Liu Guanguan | China News Service via Getty Images
A local ballot that proposes taxing companies on their highest-earning executives is headed for a November vote.
Matt Haney, a member of the city’s Board of Supervisors, is dubbing it the “overpaid executive tax,” and proposes levying it on all businesses who pay their highest-earning employee 100 times or more the median salary of their San Francisco workers, , the San Francisco Chronicle reported. Residents will vote on the measure this November, and it could take effect in 2022.
The progressive tax would equate to companies paying 0.1% of their gross receipts if the company’s highest paid employee makes 100 to 200 times the median wage. The tax itself is progressive, rising to 0.2% for executives making 200 times the median salary and can go up to 1% of gross receipts if the top-paid exec makes 1,000 times the median. In terms of compensation, the measure also includes “wages, salaries, commissions, bonuses, property issued or transferred in exchange for the performance of services (including but not limited to stock options).”

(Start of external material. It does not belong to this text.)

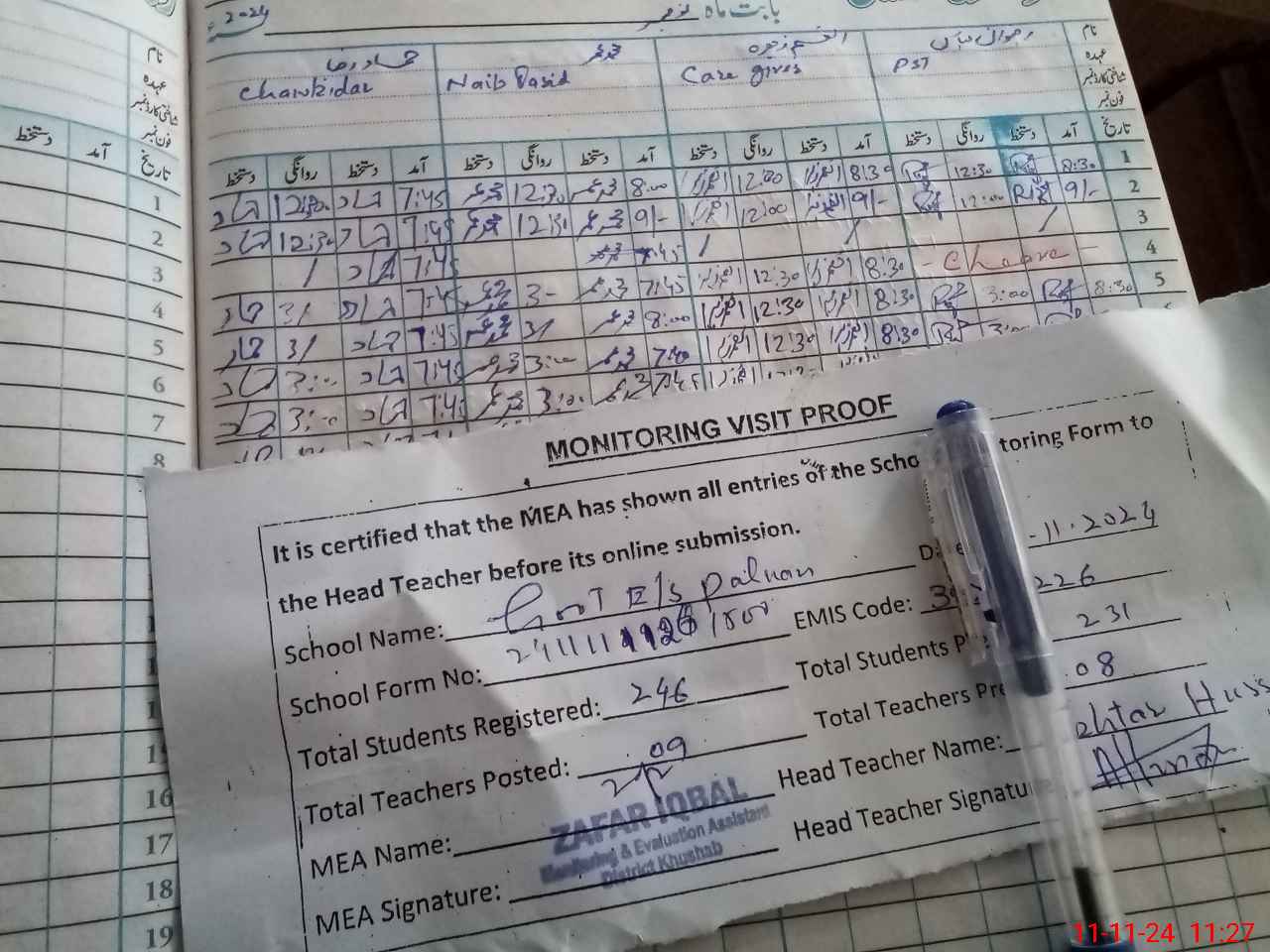 | Attendance Register | Head Teacher | MEA with School | Visit Proof |

The measure is expected to bring in between $60 million and $140 million annually.
Most small businesses will be exempted, as businesses must earn at least $1.17 million in gross receipts annually to qualify, the San Francisco Chronicle reported. The tax is likely to affect Salesforce, Comcast, and several big banks that do business in the city.
“Large corporations that want to avoid paying the tax can do the right thing and pay their executives less or simply raise their employees’ wages. Invest in your employees. Don’t fuel inequality within your company and our city,” Haney said on Twitter about the tax.
Disclosure: Comcast owns NBCUniversal, parent company of CNBC.